### Aim of the task
Reproduce only this stretch of the listing below: from the line with "- 요청 처리 방식은 GET(단순 연결) vs POST(데이터 전달)" through the line with "Легкий транспортний ролик, сервісний", exactly as written, with pictures excluded.

### Data for this task

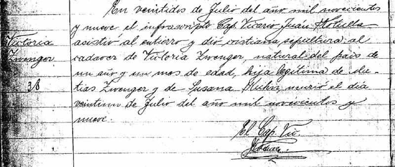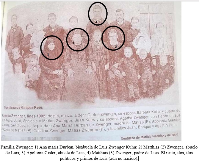 Por su parte, Matthias Zwenger (3) contrajo matrimonio en San Miguel Arcángel con Susana Kuhn, nacida en Rusia en 1881. Tuvieron cuatro hijos, entre ellos el protagonista de nuestra historia: Luis Zwenger Kuhn, nacido en 1904. Sus hermanos fueron: Victoria Zwenger (1908–1909); Catalina Zwenger (1915– …); y Santiago Zwenger (…–1982).
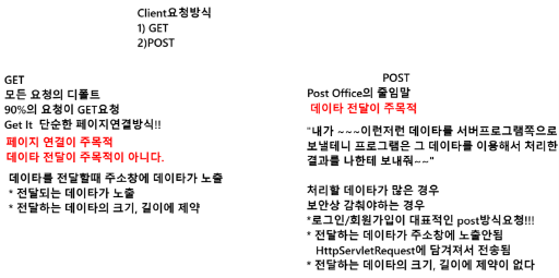 - 요청 처리 방식은 GET(단순 연결) vs POST(데이터 전달)
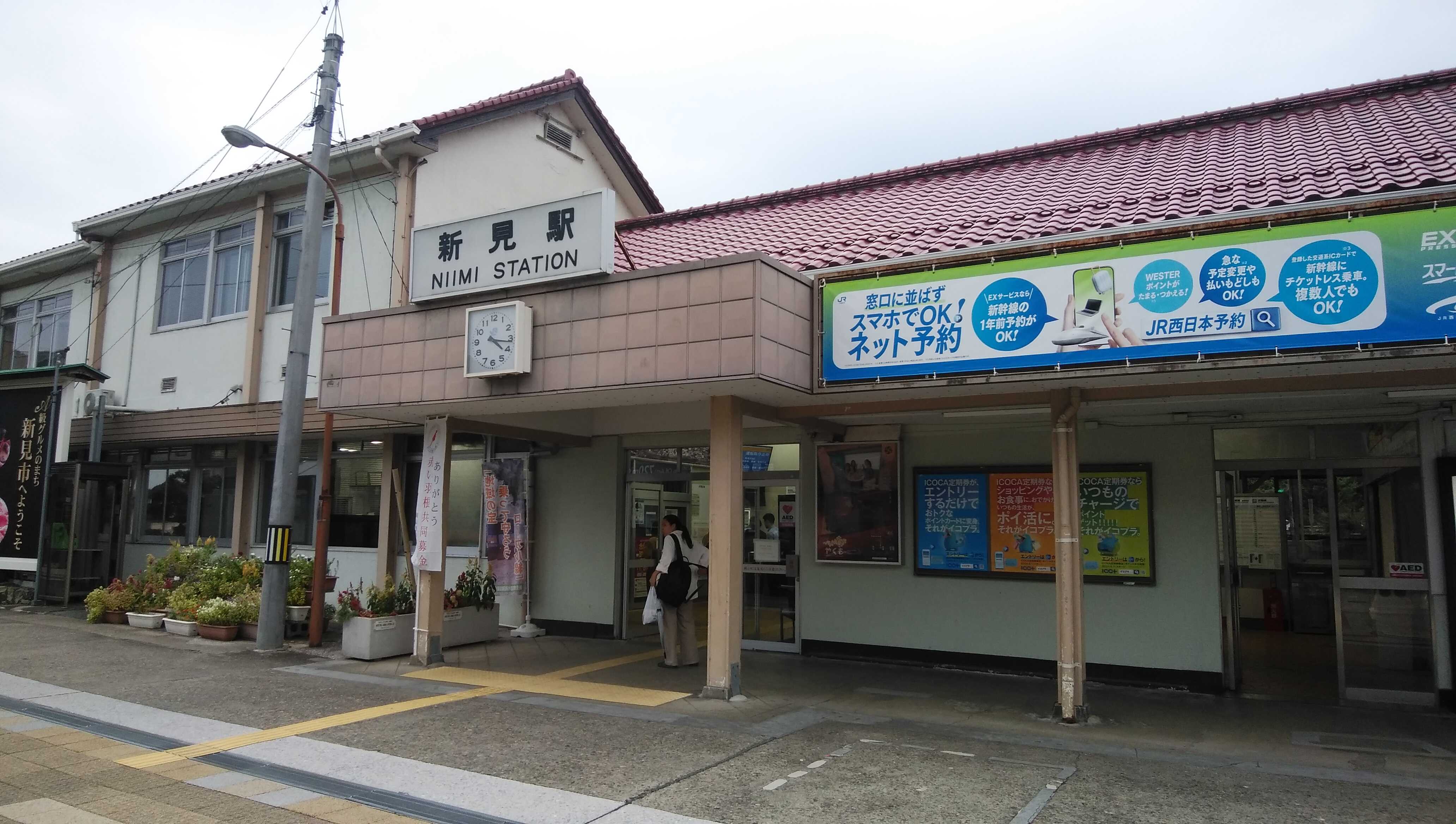 10月21日、広島駅から芸備線で津山へ行く途中乗り継ぎで下りた新見駅舎です。
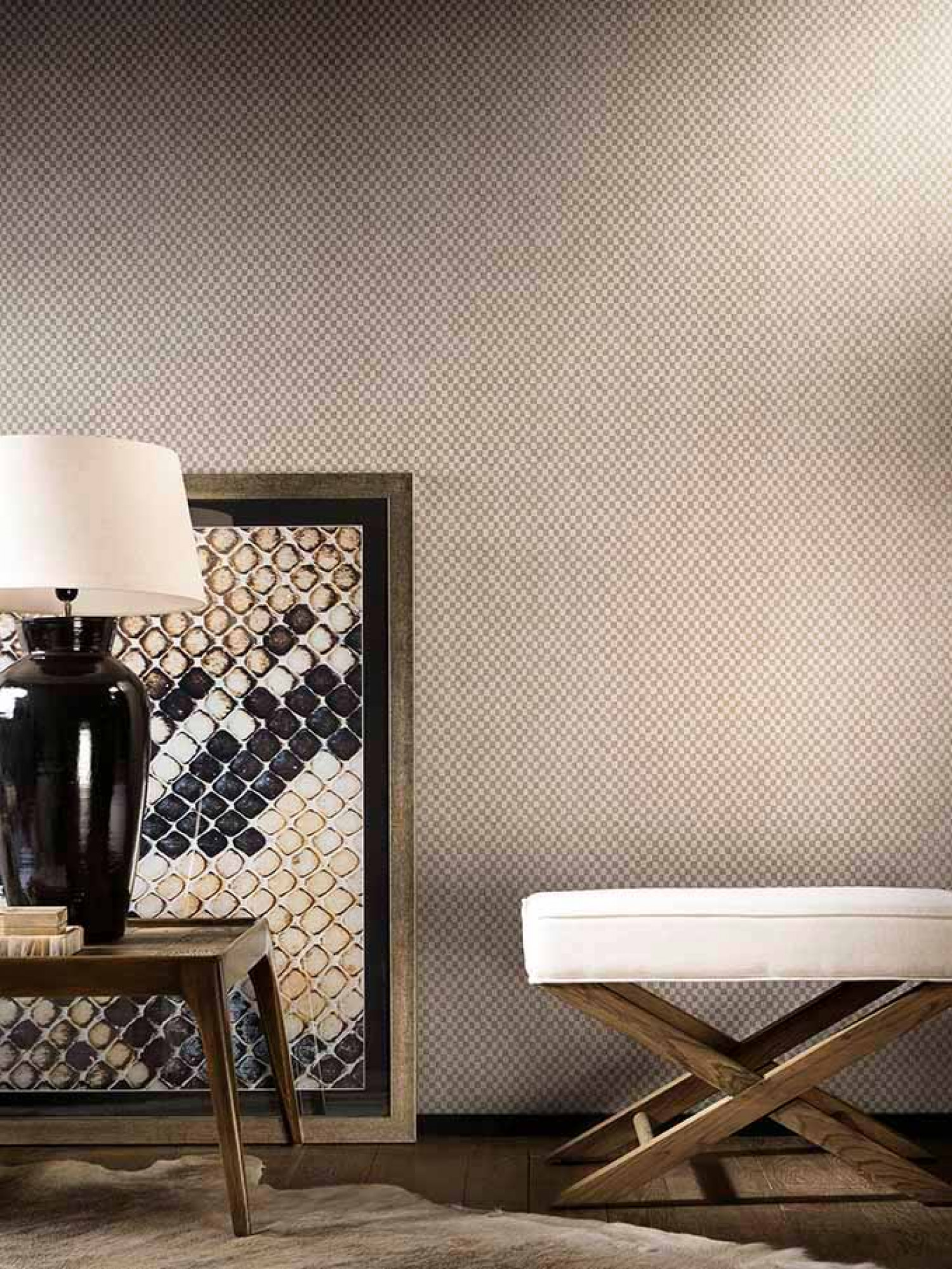 Damier has a uniform appearance from a distance, but close-up you will be overwhelmed by the multitude of squares in contrasting shades. The linen texture lends the print a very gentle and subtle look. The transitions are not quite perfect and this means the pattern is not too tight.
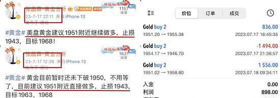 周一3波多单开门红(文章策略与自媒体策略会有差异,请做出正确参考):昨日黄金两次在1958附近冲高回落,我们的文章也提示了,金价有回调的风险,但张晶霖还是不太看好。早间提示1951做多,美盘提示1955、1951做多,就说明了这一点。周一交易3单,盈利4.5美金。关注张晶霖的朋友都有目共睹,每日只提供现价单,不信翻阅自媒体历史记录,近期操作不理想的朋友不用着急,我们中线布局(1953多)已经开启,大家可以考虑跟上。
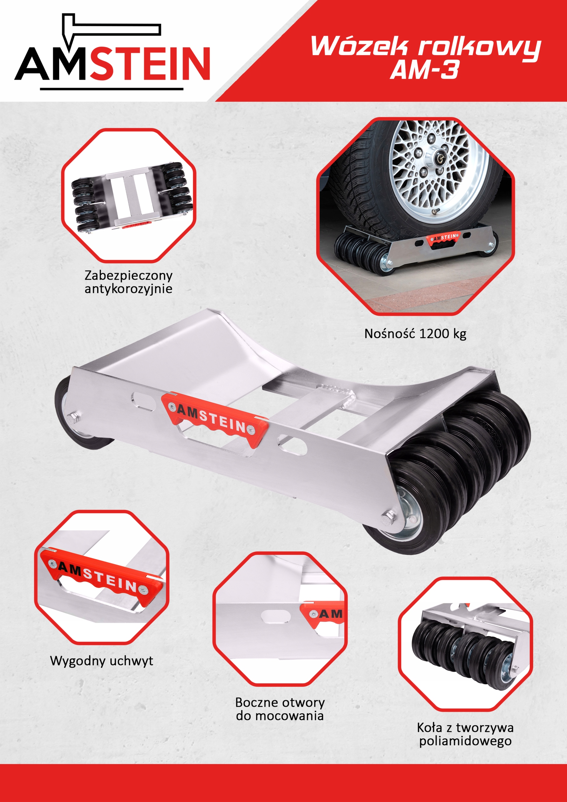 Легкий транспортний ролик, сервісний рулон під колесом Amstein AM-3
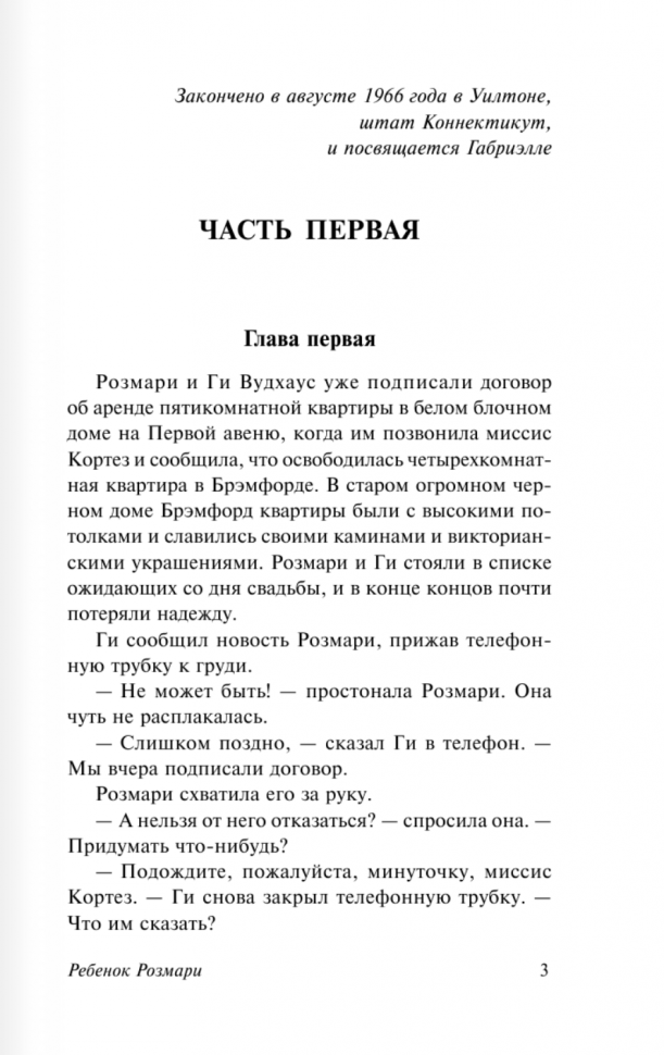 Редко мне попадаются книги-ужастики. Розмари и Ги - молодая пара, переехавшая в новую квартиру. Больше всего на свете Розмари хочет иметь ребенка, и спустя какое-то время ее желание осуществляется. Вот тут то и начинают происходить разные странности. Девушка понимает, что вокруг нее и ее еще не родившегося ребенка ведётся заговор. Книга интересная, читается залпом, хотя концовка показалась какой-то простенькой.

### Response to this task
 - 요청 처리 방식은 GET(단순 연결) vs POST(데이터 전달)
 10月21日、広島駅から芸備線で津山へ行く途中乗り継ぎで下りた新見駅舎です。
 Damier has a uniform appearance from a distance, but close-up you will be overwhelmed by the multitude of squares in contrasting shades. The linen texture lends the print a very gentle and subtle look. The transitions are not quite perfect and this means the pattern is not too tight.
 周一3波多单开门红(文章策略与自媒体策略会有差异,请做出正确参考):昨日黄金两次在1958附近冲高回落,我们的文章也提示了,金价有回调的风险,但张晶霖还是不太看好。早间提示1951做多,美盘提示1955、1951做多,就说明了这一点。周一交易3单,盈利4.5美金。关注张晶霖的朋友都有目共睹,每日只提供现价单,不信翻阅自媒体历史记录,近期操作不理想的朋友不用着急,我们中线布局(1953多)已经开启,大家可以考虑跟上。
 Легкий транспортний ролик, сервісний рулон під колесом Amstein AM-3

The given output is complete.